New Year, New Cloud? Managing “Extreme Data”

Managing Extreme Data

Companies are familiar with the concept of “big data”; every piece of information they generate from day-to-day business processes or when interacting with customers is considered valuable, so long as these pieces are quickly analyzed and converted into actionable results. But according to predictions from the Institute of Electrical and Electronics Engineers (IEEE), big data is just the beginning—2014 marks the start of a race to establish leaders in the “extreme data” market.

Going to Extremes

Most IT professionals recognize the “three Vs” of big data: Volume, Variety and Velocity. To make the most of constant data flows, companies need a high volume of information for analysis, a wide variety of data to examine and a high rate of data transfer. One other V gaining ground is Veracity, which speaks to any inherent bias in collected data along with its relevance to the problem at hand. In other words, the three Vs are a good starting point but won’t point a company in the right direction if the data collected contains a massive bias or intersects only tangentially with the question being asked.

Making this market more complex is the increasing amount of data coming from previously untapped sources. This is an extension of a concept called the Internet of Things, which focuses on bringing objects and products outside the technology spectrum into the online community using the cloud. Wireless sensors and radio frequency identification (RFID) chips are commonly used to track products as they move from assembly to production to quality control and are finally shipped to the customer, or to report “unstructured” data in real time, for example how consumers use appliances and technology in their homes. The result is an rapid increase in the amount of data available to companies, enough to justify the shift in market wording from merely big to extreme.

Tools and Training

Companies face two challenges when it comes to managing extreme data: Tools and training. Technology giants and startup companies alike are able to compete in this emerging market, since it’s not the hardware they sell that matters but rather the kind of analysis they can deliver through an accessible cloud portal. Where prescriptive analytics once ruled as a way to correct inefficient businesses processes, predictive algorithms have emerged able to intelligently consider data and deliver predictions about the future rather than mere confirmations about the present.
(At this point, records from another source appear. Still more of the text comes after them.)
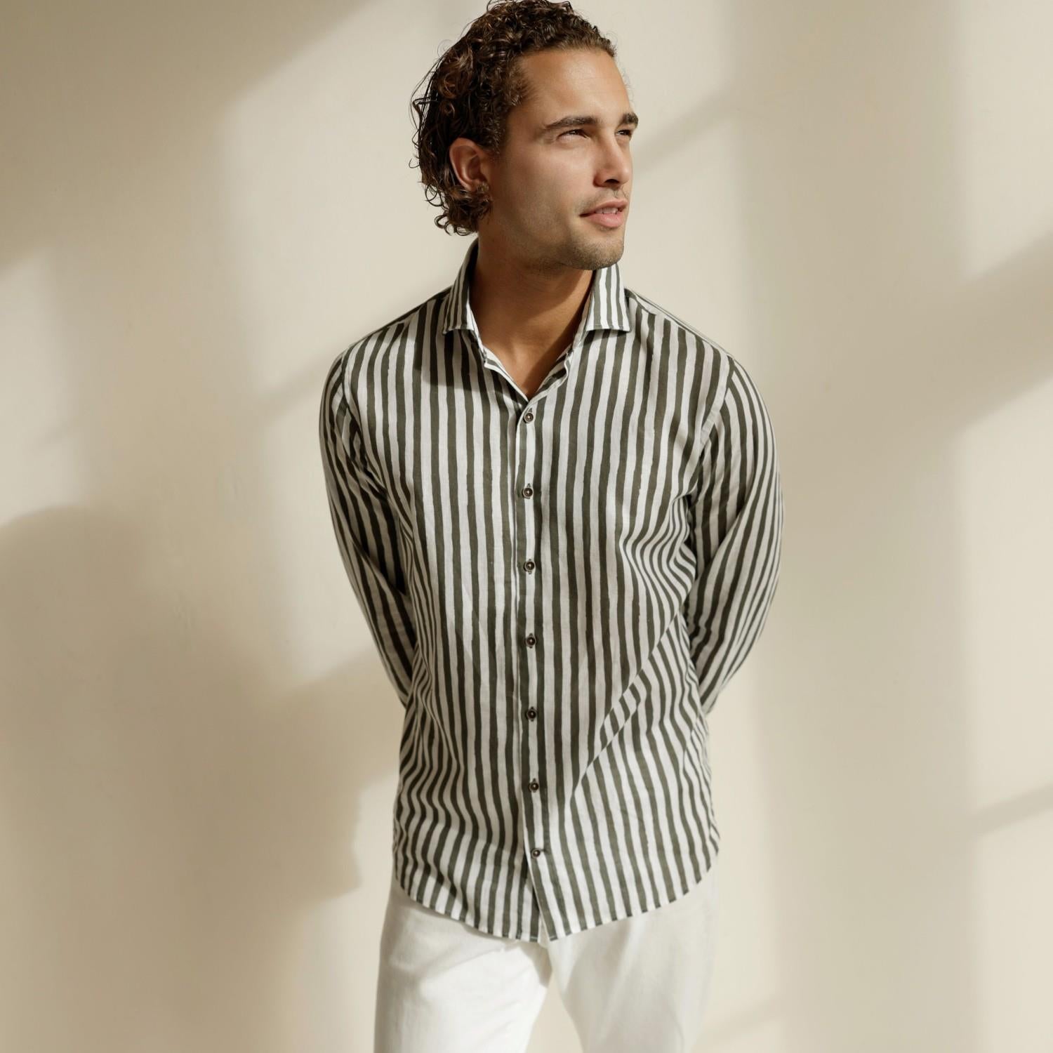 Chemise en lin stretch à rayures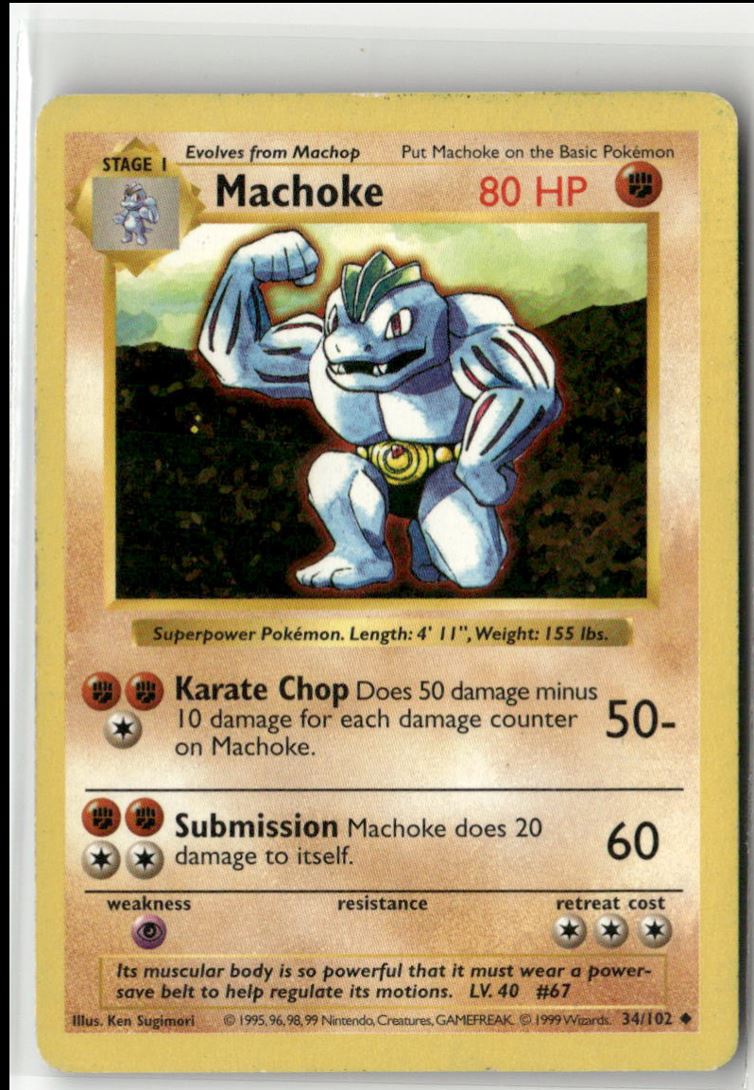 | Description: | Machoke | | Category: | Pokemon | | Year: | 1999 | | Product: | Pokemon Classic - Base Set | | Set: | Vintage SHADOWLESS WotC | | Card Number: | 34/102 | | Dimensions: | 3½" x 2½" | | SKU: | PM B0001 R01 X (27) |
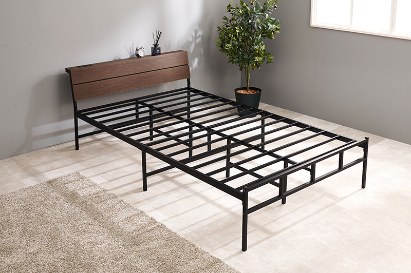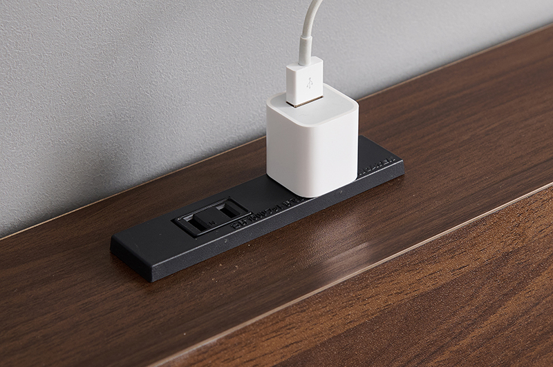 ヘッドボードは木目調の傾斜があるパネル仕様です。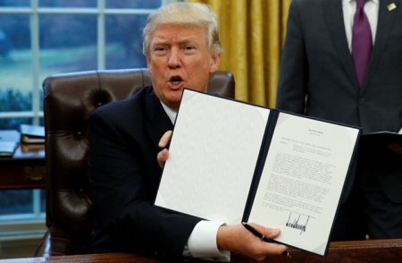 27 كانون الثاني/ يناير 2017: في غضون أسبوع من توليه الرئاسة، وقع ترامب على أمر تنفيذي يحظر دخول اللاجئين السوريين، ويمنع مواطني سبع دول ذات أغلبية مسلمة من دخول الولايات المتحدة لمدة 90 يوما.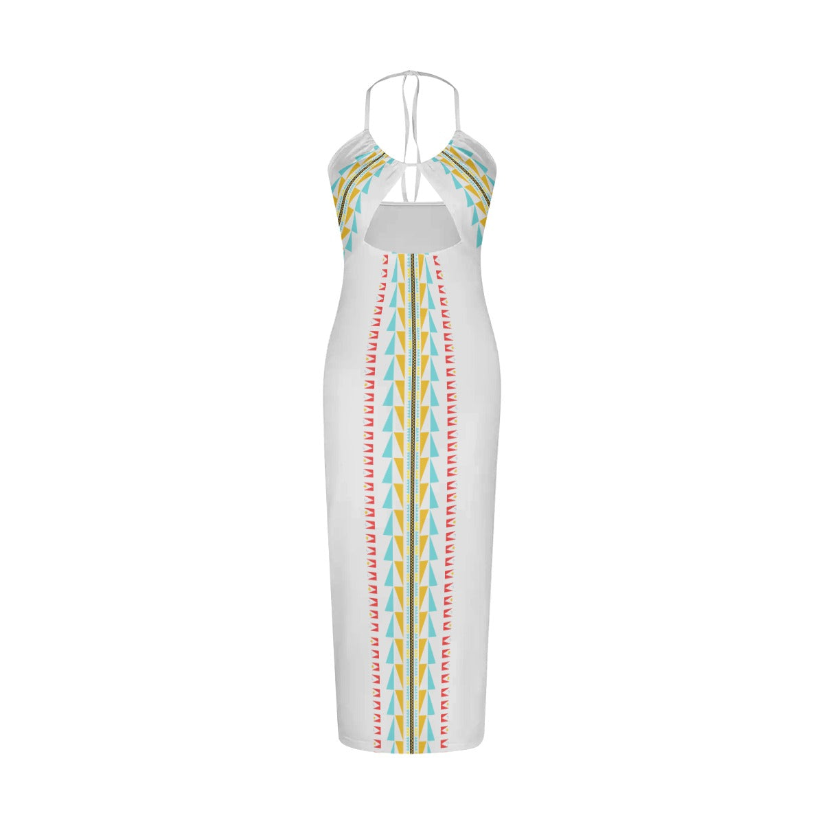 A dress with an innovative crossed cami configuration and functional tie-up detail. The figure-defining fabric delivers a polished, contoured aesthetic while honoring traditional native print artistry.

This leads to the second challenge: Training. While these tools are deceptively simple, they will never reach maximum efficiency without skilled hands guiding the wheel. Strides are being made in cognitive computing—the science of teaching computers to think like human beings—but there’s still no replacement for the human capacity to examine the “bigger picture” and put data sets in context. Analysis tools for extreme data have evolved at a steady pace and can now handle massive information volumes with virtually no hardware lag, but trained data scientists are needed to ask the right questions; even the best data means nothing without interpretation.

Finding the Time

If hiring data scientists and paying for analytics tools sounds costly, it can be, especially if companies want to get it right the first time. As a recent Forbes article notes, however, analytics half-measures aren’t effective and can cripple efforts to make best use of extreme data.

Companies, therefore, have several choices. If this is their first foray into extreme data, it’s worth considering strategic consultation for a single analysis project. Using a trusted, experienced IT service provider lets businesses skip the step of finding and vetting analytics providers in a suddenly crowded market. If more robust analysis tools are required, there are two options: Outsource the task entirely, or supplement existing IT staff with professionals from a reputable third party. In many cases, this kind of shared responsibility offers the best mix of flexibility and security; in-house IT administrators retain control of all mission-critical data while outsourced IT handles the day-to-day details. With IT staffers already hard pressed to keep up with cloud deployments and mobile advancement, there’s nothing wrong with getting a little help for extreme data analysis.

The flow of data isn’t slowing—in fact, its pace continues to increase. Companies can’t ignore this data, nor can they blindly analyze portions hoping for actionable results. The right tools, the right training and the right help make all the difference in the transition from big to extreme.